YAP and TAZ are associated with radiation resistance in various types of cancer (21,22). To investigate whether NMU is involved in the Hippo pathway, which regulates YAP and TAZ activity, changes in YAP and TAZ expression following NMU knockdown or overexpression were determined by western blotting. In HT-29 cells, NMU depletion increased the expression levels of p-LATS1, p-YAP and p-TAZ, and similar results were observed under irradiated conditions (Fig. 4A). To confirm that NMU enhances the nuclear translocation of YAP and TAZ, which are known to induce cancer cell proliferation and tumorigenesis, nuclear fractionation and western blotting were performed. siRNA-mediated NMU depletion decreased the nuclear translocation of YAP and TAZ (Fig. 4B). By contrast, NMU overexpression reduced the expression levels of p-LATS1, p-YAP and p-TAZ (Fig. 4C), and increased the nuclear translocation of YAP and TAZ (Fig. 4D). Similar outcomes were observed under irradiated conditions. Taken together, these results suggested that NMU may be involved in regulating YAP and TAZ activity in colorectal cancer cells.

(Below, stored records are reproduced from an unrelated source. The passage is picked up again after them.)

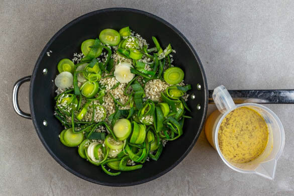 Das Brühgewürz in 1,5L heißem Wasser auflösen. Den Lauch und den Reis in einer großen Pfanne mit 2EL Olivenöl bei starker Hitze 1–2Min. anbraten, dabei regelmäßig umrühren.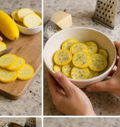 Wash and slice the yellow squash into ¼-inch thick rounds.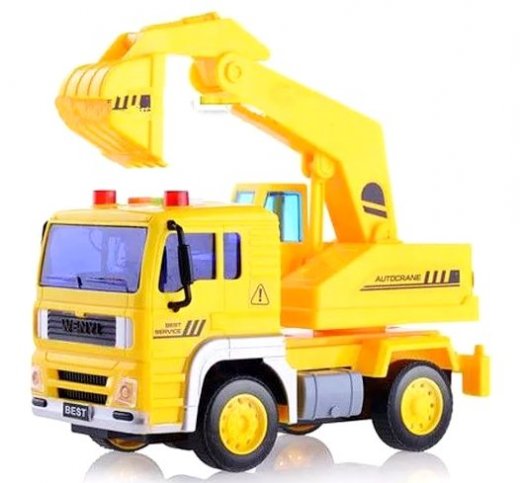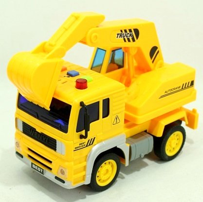 Машина с экскаватором – это замечательный подарок для юного строителя и любителя машин. Строительная техника с подвижными элементами, фрикционным механизмом, со звуком и светом. Кнопки расположены на крыше кабины. Издает Звук заводящегося двигателя, автомобильный сигнал. Звук автомобильного сигнала. Тревожный сигнал, пищащий звук. Одновременно мигают 2 красных лампы на крыше авто. В нижнем положении кузов фиксируется. Кузов поднимается вверх нажатием на кнопку сбоку и задний борт открывается, все как у настоящих машин.

The present study investigated whether agonist activation of NMUR1 by NMU affects colorectal cancer cell proliferation and migration. In HCT 116 cells, NMUR1 was depleted using siRNA (Fig. 5A), followed by treatment with NMU-25, which is the functional form of NMU in humans. Treatment with NMU-25 induced colorectal cancer cell proliferation and migration, similar to the effects observed with NMU overexpression; however, NMU-25 had no effect on cells transfected with NMUR1 siRNA (Fig. 5B and C). Nuclear fractionation and western blotting revealed increased nuclear translocation of YAP and TAZ in colorectal cancer cells following treatment with NMU-25, but the effects of NMU-25 treatment were attenuated by NMUR1 siRNA (Fig. 5D). As well as the increased nuclear translocation of YAP and TAZ in cells treated with NMU-25, the expression levels of the YAP and TAZ transcriptional target genes AXL, CTGF and CYR61 were increased, and these effects were abolished in NMUR1-depleted cells (Fig. 5E). These results suggested that the NMU-indued migratory phenotypes observed in colorectal cancer cells involve YAP and TAZ activity and are mediated through NMUR1 signaling.